How to complete this task: Only the lines from the one containing "9月23日，在哈爾濱市香坊區一核酸檢測點，工作人員為小朋友進行核酸檢測。" through the one containing "ရွှေတိဂုံစေတီတော် (၂၆၀၇) နှစ်မြောက်" should be printed, exactly as they appear below, with both ends included.

Records from a collection:
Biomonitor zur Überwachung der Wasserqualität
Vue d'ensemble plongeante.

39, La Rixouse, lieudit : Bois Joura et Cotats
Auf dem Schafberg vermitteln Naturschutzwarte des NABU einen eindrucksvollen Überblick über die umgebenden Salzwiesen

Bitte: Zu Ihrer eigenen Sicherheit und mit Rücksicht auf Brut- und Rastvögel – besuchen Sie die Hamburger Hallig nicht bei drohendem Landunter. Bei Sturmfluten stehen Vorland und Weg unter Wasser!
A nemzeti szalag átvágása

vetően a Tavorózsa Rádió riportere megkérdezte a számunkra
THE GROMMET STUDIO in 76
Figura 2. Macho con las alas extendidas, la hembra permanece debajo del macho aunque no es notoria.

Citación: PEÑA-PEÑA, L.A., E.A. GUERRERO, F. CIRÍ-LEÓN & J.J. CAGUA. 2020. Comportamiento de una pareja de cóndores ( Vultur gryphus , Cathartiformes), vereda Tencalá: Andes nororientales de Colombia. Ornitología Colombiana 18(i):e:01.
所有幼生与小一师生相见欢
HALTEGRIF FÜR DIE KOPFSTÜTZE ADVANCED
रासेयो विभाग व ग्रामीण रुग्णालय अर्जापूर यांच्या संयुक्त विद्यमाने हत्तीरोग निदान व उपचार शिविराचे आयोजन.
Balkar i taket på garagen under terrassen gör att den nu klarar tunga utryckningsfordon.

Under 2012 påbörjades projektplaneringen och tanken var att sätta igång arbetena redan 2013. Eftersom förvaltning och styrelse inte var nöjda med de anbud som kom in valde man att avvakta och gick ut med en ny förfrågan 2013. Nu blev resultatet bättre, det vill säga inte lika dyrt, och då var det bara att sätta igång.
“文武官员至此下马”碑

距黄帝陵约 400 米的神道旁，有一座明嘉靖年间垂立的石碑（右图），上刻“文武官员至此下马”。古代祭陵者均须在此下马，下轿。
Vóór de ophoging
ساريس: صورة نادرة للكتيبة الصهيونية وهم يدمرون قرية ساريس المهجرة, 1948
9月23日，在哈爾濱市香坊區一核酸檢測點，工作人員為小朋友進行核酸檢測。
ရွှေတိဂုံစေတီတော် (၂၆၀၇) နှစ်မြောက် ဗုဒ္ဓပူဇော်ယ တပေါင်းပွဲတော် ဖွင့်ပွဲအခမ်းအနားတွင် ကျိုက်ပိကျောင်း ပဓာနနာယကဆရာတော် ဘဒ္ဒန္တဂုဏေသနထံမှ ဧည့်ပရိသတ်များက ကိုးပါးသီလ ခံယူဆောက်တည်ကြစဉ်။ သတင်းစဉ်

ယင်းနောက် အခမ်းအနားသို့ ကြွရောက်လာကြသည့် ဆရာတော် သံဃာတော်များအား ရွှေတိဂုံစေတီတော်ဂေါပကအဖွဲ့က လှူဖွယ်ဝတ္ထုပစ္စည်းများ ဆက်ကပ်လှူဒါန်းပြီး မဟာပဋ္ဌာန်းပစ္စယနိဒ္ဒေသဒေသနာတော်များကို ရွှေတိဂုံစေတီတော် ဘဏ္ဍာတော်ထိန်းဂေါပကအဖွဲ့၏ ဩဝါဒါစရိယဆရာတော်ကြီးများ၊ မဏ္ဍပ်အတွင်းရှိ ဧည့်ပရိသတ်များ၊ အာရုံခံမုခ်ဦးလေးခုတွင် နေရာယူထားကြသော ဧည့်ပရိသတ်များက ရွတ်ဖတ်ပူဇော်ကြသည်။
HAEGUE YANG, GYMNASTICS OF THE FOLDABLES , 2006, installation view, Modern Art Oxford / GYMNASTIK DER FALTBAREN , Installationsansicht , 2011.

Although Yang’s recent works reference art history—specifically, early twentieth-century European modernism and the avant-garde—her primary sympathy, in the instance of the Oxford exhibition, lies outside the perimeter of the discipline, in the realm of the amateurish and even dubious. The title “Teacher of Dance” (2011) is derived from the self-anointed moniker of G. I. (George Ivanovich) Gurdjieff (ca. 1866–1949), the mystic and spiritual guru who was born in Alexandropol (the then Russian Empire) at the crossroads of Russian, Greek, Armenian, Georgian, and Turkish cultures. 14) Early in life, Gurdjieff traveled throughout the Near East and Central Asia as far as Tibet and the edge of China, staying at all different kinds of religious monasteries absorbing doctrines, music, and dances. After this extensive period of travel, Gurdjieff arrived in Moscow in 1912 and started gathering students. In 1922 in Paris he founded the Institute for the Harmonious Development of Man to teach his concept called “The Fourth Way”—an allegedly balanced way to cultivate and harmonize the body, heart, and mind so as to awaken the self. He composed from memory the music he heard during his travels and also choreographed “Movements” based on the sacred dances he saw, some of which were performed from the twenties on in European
...
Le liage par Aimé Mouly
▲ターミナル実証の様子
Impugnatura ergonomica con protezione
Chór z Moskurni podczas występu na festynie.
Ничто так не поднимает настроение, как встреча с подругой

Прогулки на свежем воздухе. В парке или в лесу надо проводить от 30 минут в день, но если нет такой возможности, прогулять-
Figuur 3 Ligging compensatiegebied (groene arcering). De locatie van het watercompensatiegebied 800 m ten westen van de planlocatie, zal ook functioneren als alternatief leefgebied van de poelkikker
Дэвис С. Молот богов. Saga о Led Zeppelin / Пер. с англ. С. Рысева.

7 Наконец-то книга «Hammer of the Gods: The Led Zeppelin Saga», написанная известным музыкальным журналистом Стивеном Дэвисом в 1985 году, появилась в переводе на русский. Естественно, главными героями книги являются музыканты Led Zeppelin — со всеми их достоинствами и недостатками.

Answer for the task:
9月23日，在哈爾濱市香坊區一核酸檢測點，工作人員為小朋友進行核酸檢測。
ရွှေတိဂုံစေတီတော် (၂၆၀၇) နှစ်မြောက် ဗုဒ္ဓပူဇော်ယ တပေါင်းပွဲတော် ဖွင့်ပွဲအခမ်းအနားတွင် ကျိုက်ပိကျောင်း ပဓာနနာယကဆရာတော် ဘဒ္ဒန္တဂုဏေသနထံမှ ဧည့်ပရိသတ်များက ကိုးပါးသီလ ခံယူဆောက်တည်ကြစဉ်။ သတင်းစဉ်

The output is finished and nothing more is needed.